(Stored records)
*-*-*

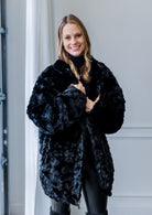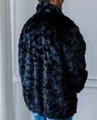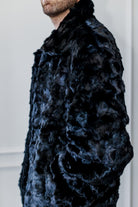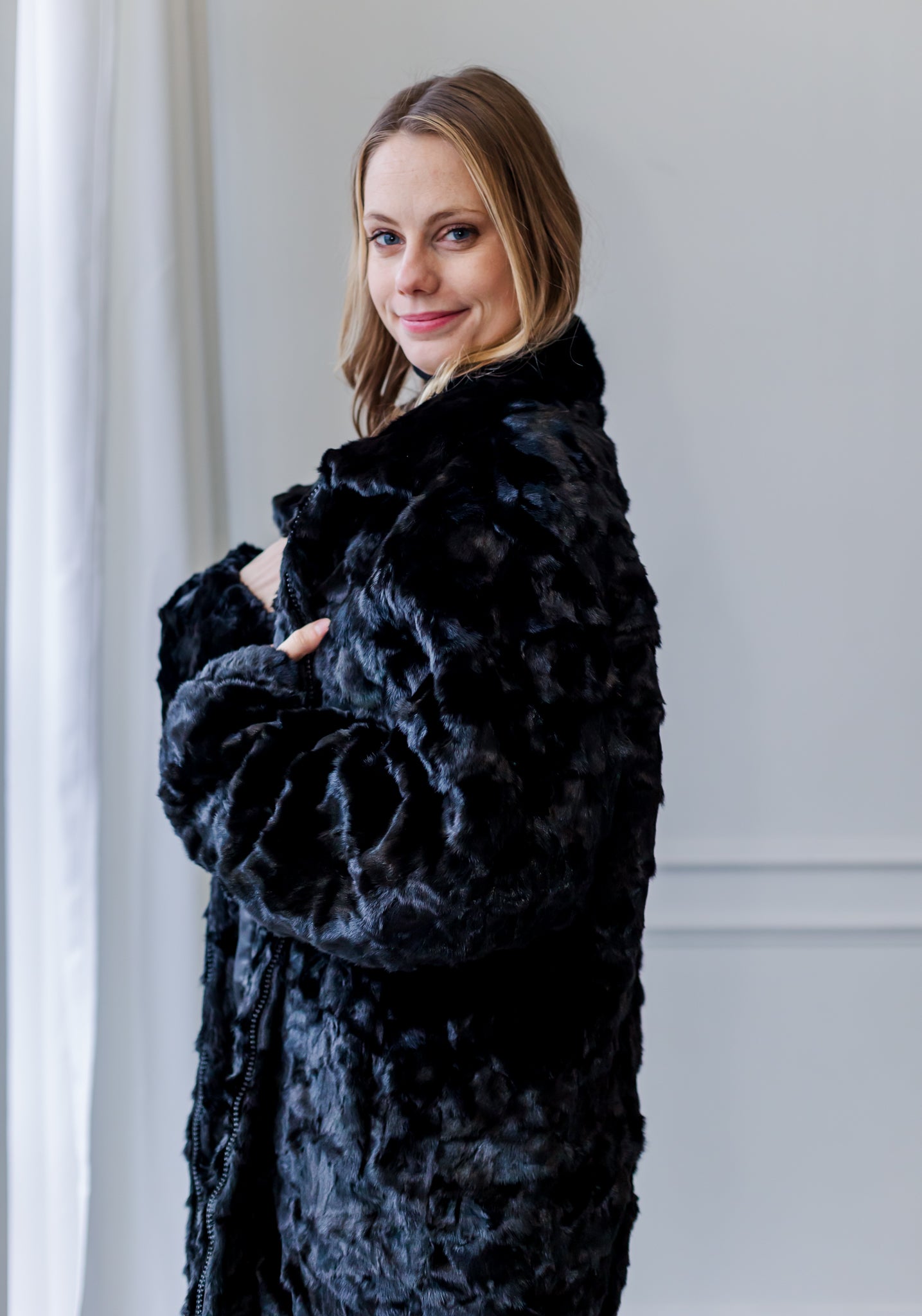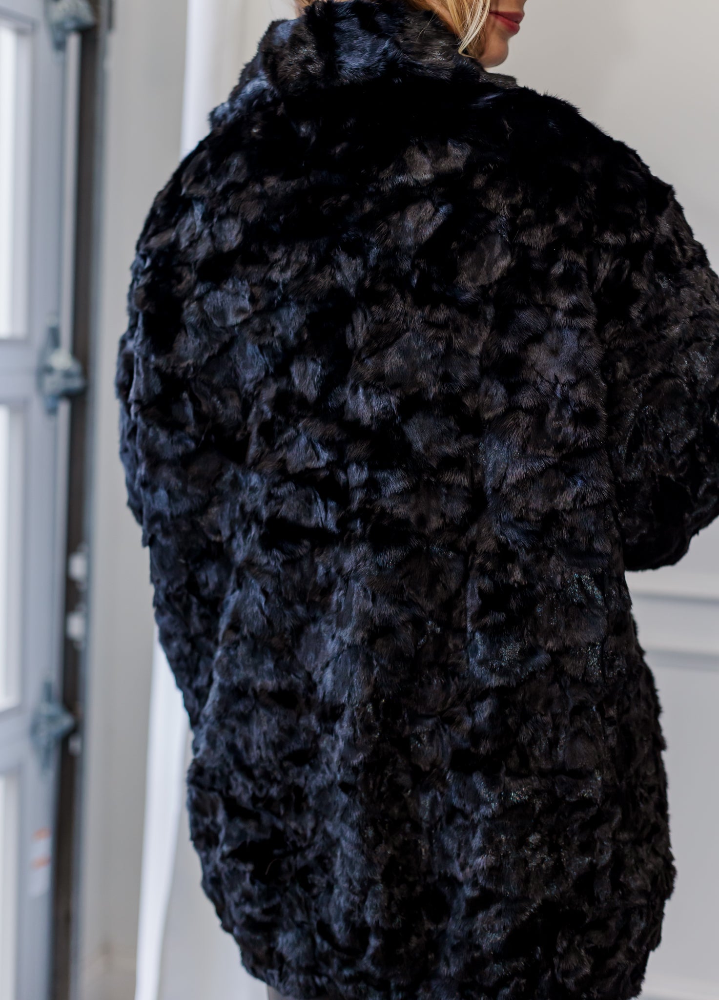 This stunning black mink jacket stands out with its beautifully textured pelting, creating a distinctive pattern that gives the classic mink silhouette a modern, luxurious twist. The rich, deep black fur has a velvety softness and a subtle sheen that catches the light, adding depth and dimension to its sculpted look.
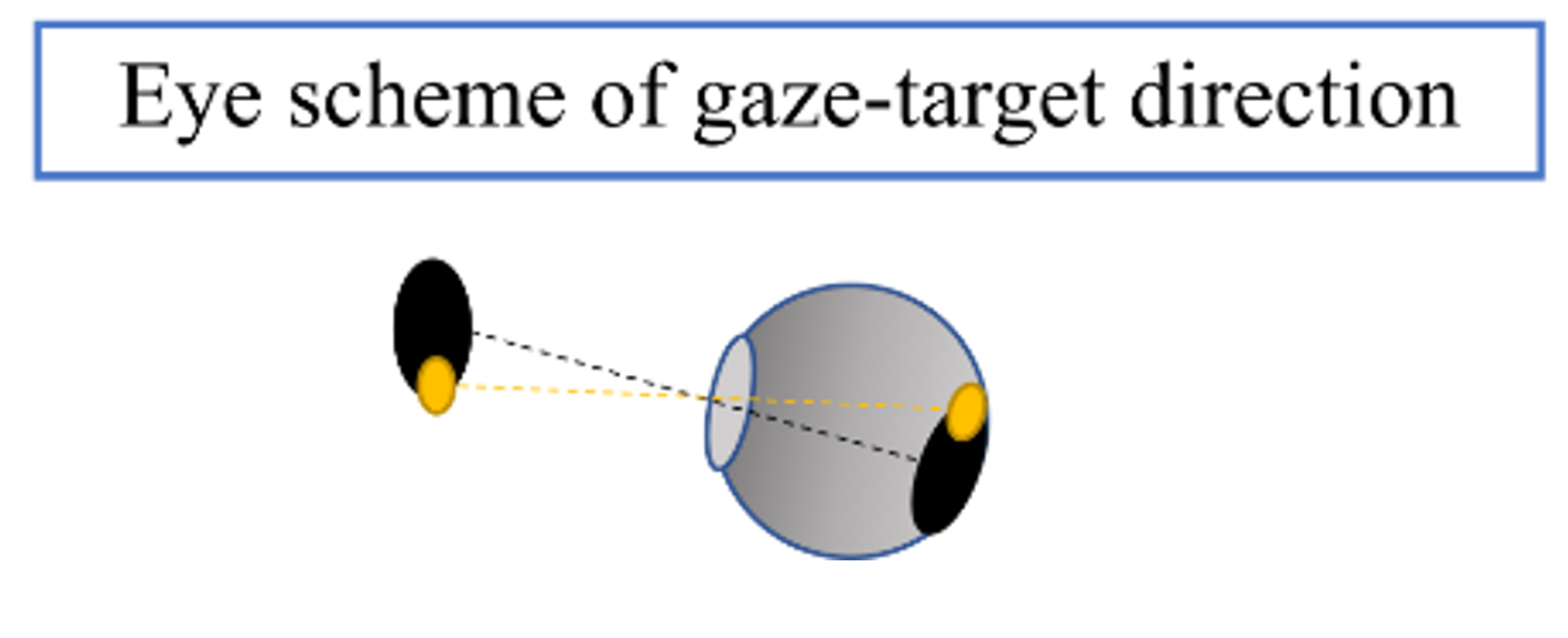 Auf der linken Seite sehen wir eine schematische Darstellung der Augmentierung und auf der rechten Seite die Blickrichtung des Auges, sowie das Skotom in schwarz und das Ziel in gelb, jeweils inkl. der dazugehörigen Position auf der Netzhaut.
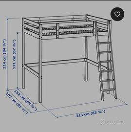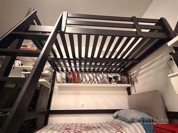 STORÅ ikea Struttura per letto a soppalco, matrimoniale, nero, 140x200 cm Altezza totale 214 cm Acquistata 1 anno fa e usata solo come letto "per gli ospiti" La scala si può montare sul lato destro o sul lato sinistro del letto. È in legno massiccio
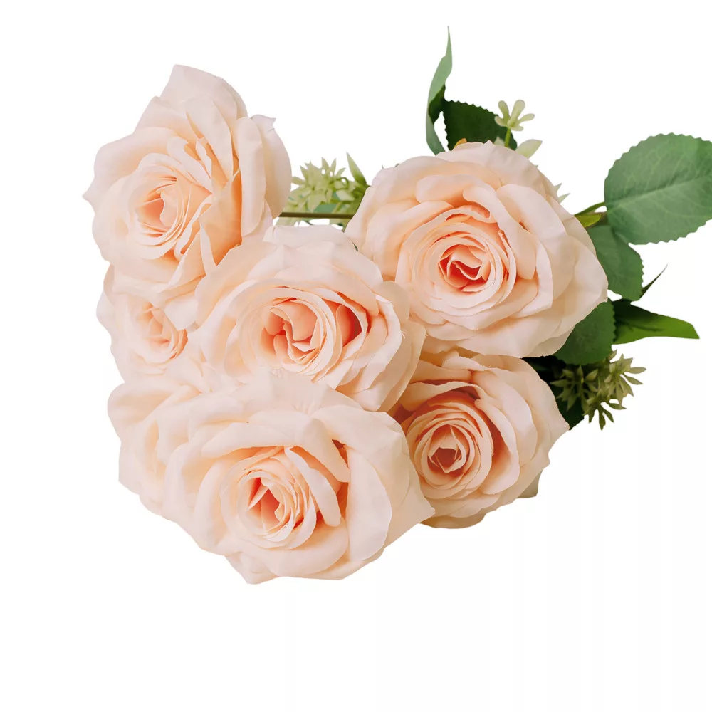 Ruža hodvábna kytica, 7-vetvová, výška 41 cm - Šampanská
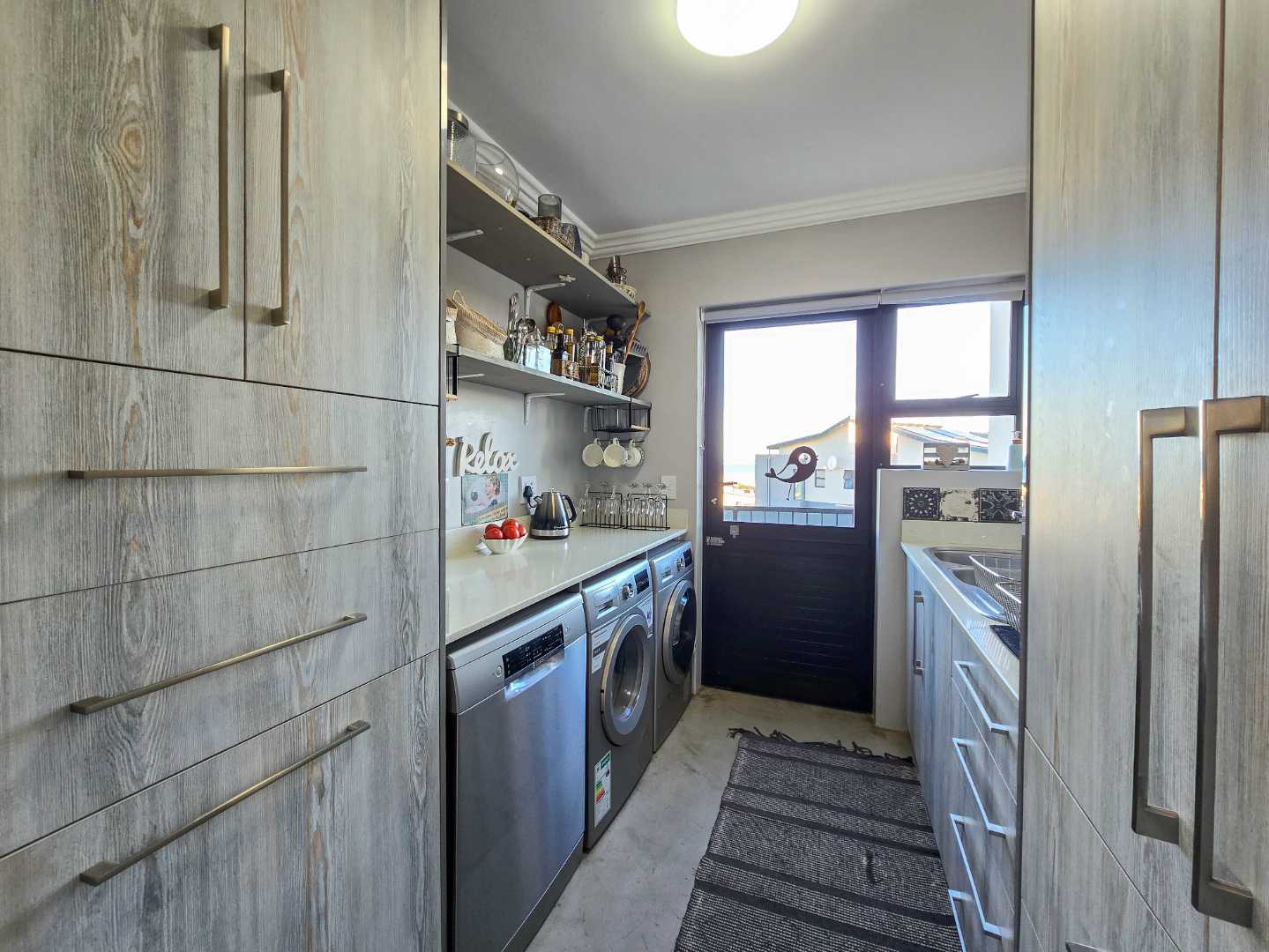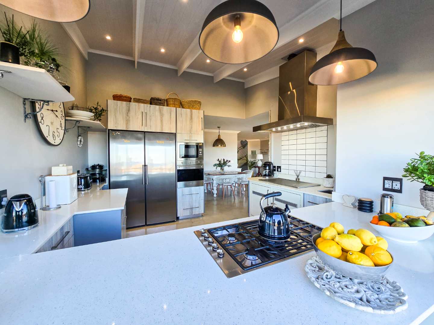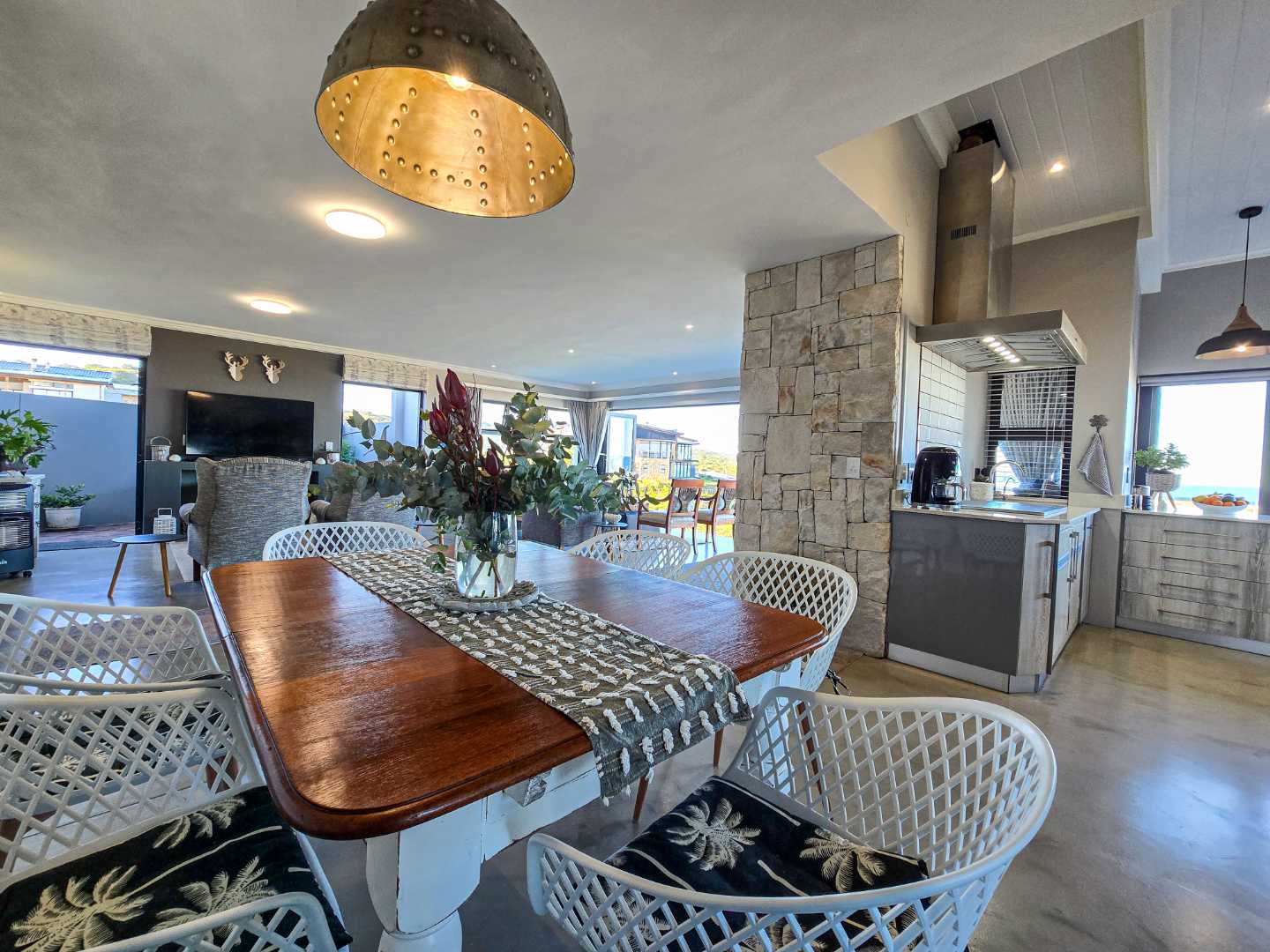 Step into an airy, open-plan living space where the modern kitchen, dining area and lounge flow seamlessly together – ideal for entertaining or spending quality time with family. A built-in braai ensures year-round gatherings, no matter the weather, while a separate scullery and laundry room keep things neat and organized.
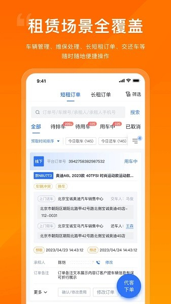 2租赁服务覆盖车辆管理、维保处理以及长短租订单的交车还车等场景,用户可随时随地方便地进行操作。
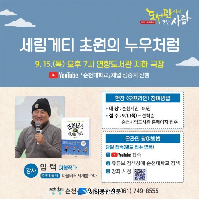 À̹ø °¿¬Àº ¿Â¡¤¿ÀÇÁ¶óÀÎÀ¸·Î µ¿½Ã¿¡ ÁøÇàÇÑ´Ù. ÇöÀå °¿¬ Âü¿©´Â 9¿ù 1ÀϺÎÅÍ ¼øÃµ½Ã¸³µµ¼°ü ´©¸®Áý¿¡¼ »çÀü ½ÅûÇÏ¸é µÇ°í, ¿Â¶óÀÎ »ý¹æ¼Û Âü¿©´Â »çÀü ½Åû ¾øÀ̵µ À¯Æ©ºê ¡®¼øÃµ´ëÇб³¡¯Ã¤³Î¿¡¼ ½Ç½Ã°£ ½ÃûÀÌ °¡´ÉÇÏ´Ù.
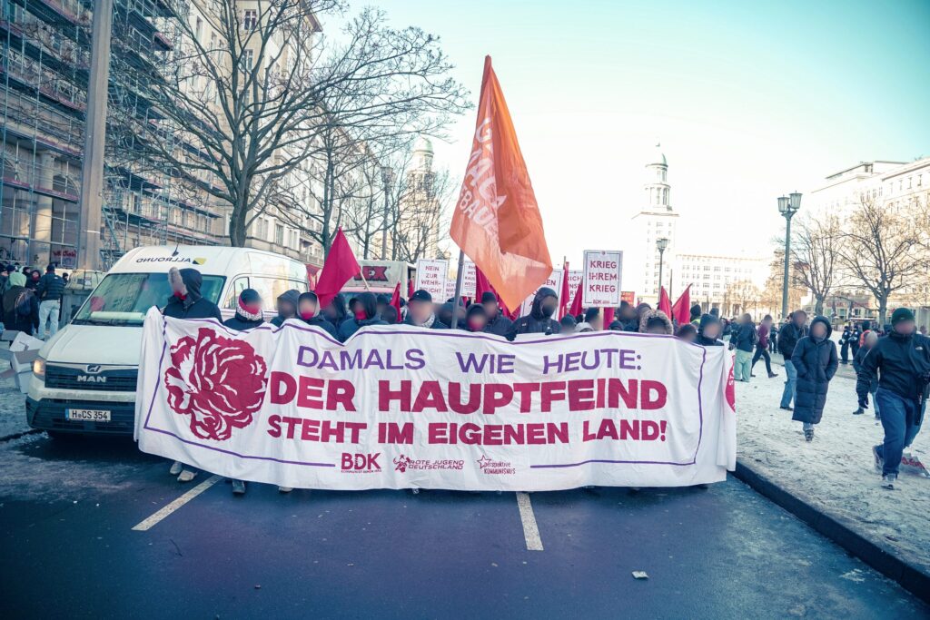 Die Demo am Sonntag war mit über 10.000 Teilnehmer:innen gut besucht. Gemeinsam mit dem Bund der Kommunist:innen aus Berlin und der Roten Jugend Deutschland organisierten wir den revolutionären Block, der mit über 1500 Teilnehmer:innen deutlich größer war, als im vergangenen Jahr. Unterstützt und verstärkt wurden wir von zahlreichen weiteren Strukturen und Genoss:innen aus dem gesamten Bundesgebiet.
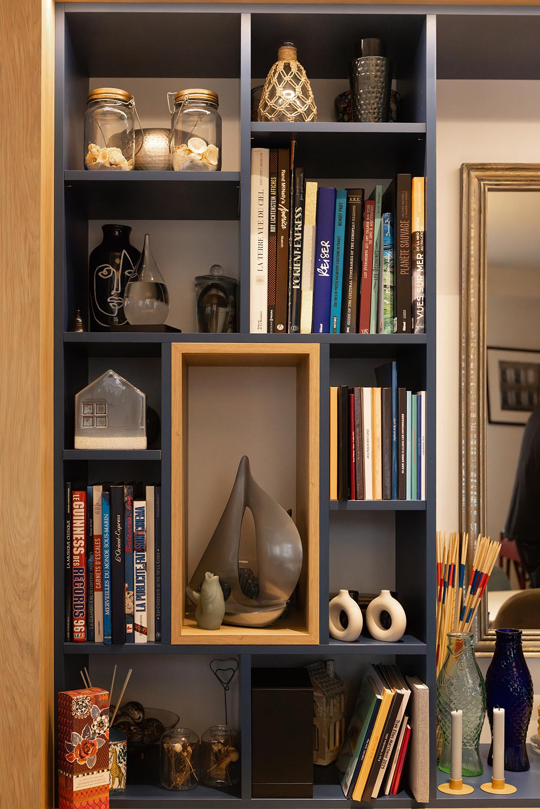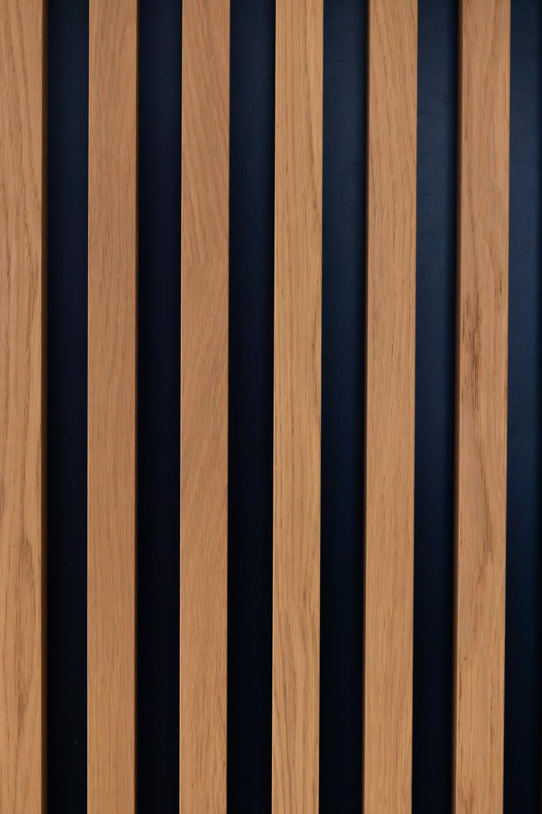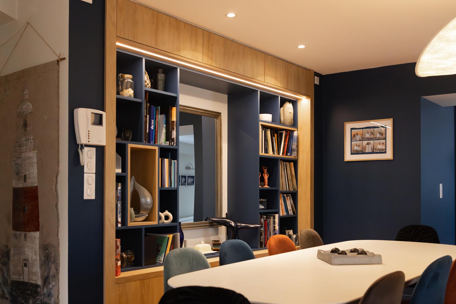 Une bibliothèque en panneau mélaminé Egger prolonge la composition. L’ensemble est unifié par un habillage mural en tasseaux de chêne naturel, fixés sur le mur avec un dos en feutre pour l’isolation phonique. Le résultat : un mur qui raconte quelque chose, au lieu de simplement exister.
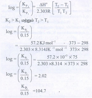 25° C வெப்பநிலையில் ஒரு சமநிலை வினைக்கு Kp = 0.0260 மற்றும் ΔH = 32.4KJmol-1 37o C வெப்பநிலையில் Kpன் மதிப்பினைக் கண்டறிக.

*-*-*

*Problem details:*
Starting at the line that contains "Une bibliothèque en", please write out every line to the end of the entries, inclusive, copied exactly and with pictures omitted.

*Result below:*
 Une bibliothèque en panneau mélaminé Egger prolonge la composition. L’ensemble est unifié par un habillage mural en tasseaux de chêne naturel, fixés sur le mur avec un dos en feutre pour l’isolation phonique. Le résultat : un mur qui raconte quelque chose, au lieu de simplement exister.
 25° C வெப்பநிலையில் ஒரு சமநிலை வினைக்கு Kp = 0.0260 மற்றும் ΔH = 32.4KJmol-1 37o C வெப்பநிலையில் Kpன் மதிப்பினைக் கண்டறிக.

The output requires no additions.